A brief technical overview of Manifold Markets’ Dynamic Parimutuel (DPM) betting system

By Stephen Grugett

*Note: Manifold is no longer using DPM for binary markets but is using the generalized, multi-outcome version of DPM for free-response markets.*

Basic facts:

- Markets are structured around a question with a binary outcome.
- Traders can place a bet on either YES or NO. The trader receives some shares of the betting pool.

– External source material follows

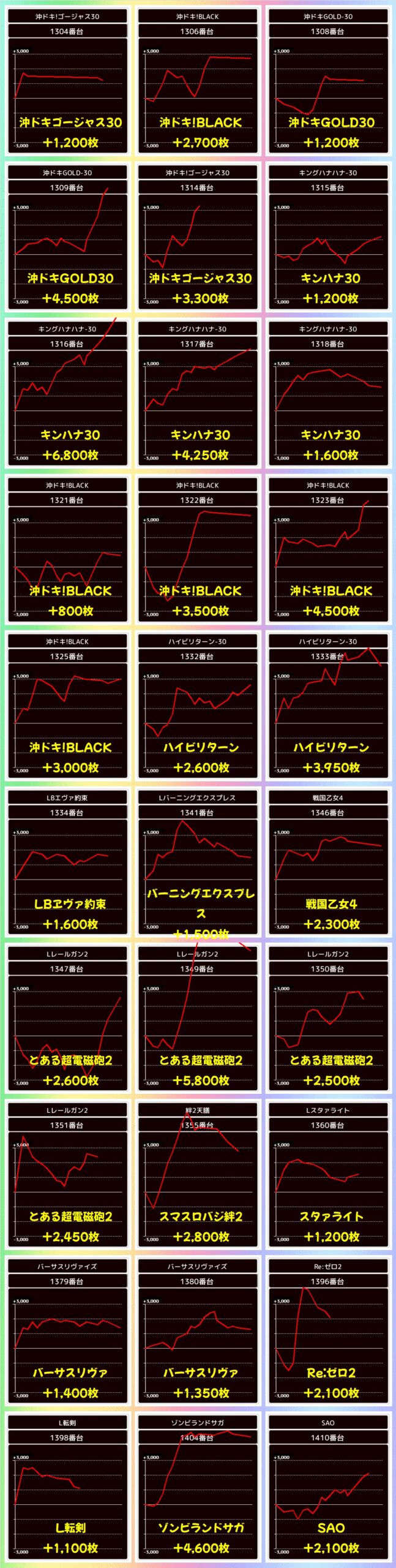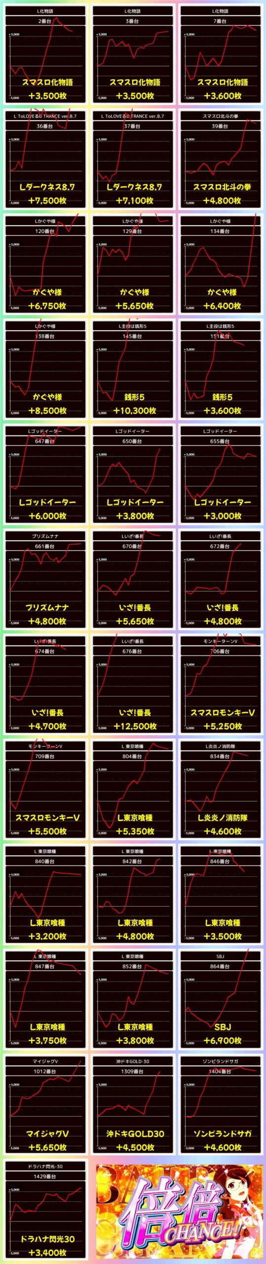 この日は多数の仕掛け以外からも優秀な出玉を確認!上記では+3000枚以上の優秀な単品をピックアップしました

The less likely the outcome, the more shares the trader receives per dollar.
- When the market is resolved, the traders who bet on the correct outcome are paid out of the final pool in proportion to the number of shares they own.

## Probability

If *y* is the total number of outstanding shares of YES, and *n* is the total number of outstanding shares of NO, the instantaneous implied probability of the market is given as

$$
P(y, n) = \frac{y^2} {y^2 + n^2}
$$

## Betting

We introduce a cost function *C* which captures the total amount wagered by all traders given the current shares of YES and NO:

$$
C(y,n) = \sqrt{y^2 + n^2}
$$

If a trader places a bet of $*b* on YES, they add $*b* into the YES pool and receives *s* shares of the final pool if YES is the outcome.

$$
pool_{Y_{new}} = pool_{Y_{current}} + b
$$

$$
b = C(y+s, n) - C(y, n)
$$

## Antes

The market creator chooses an initial probability *p* and an ante amount to initialize the betting pool.

$$
p = \frac{y_{start}^2}{y_{start}^2+n_{start}^2} \; \newline s.t. \; \; \sqrt{y_{start}^2+n_{start}^2}= ante \newline y_{start},n_{start} \gt 0
$$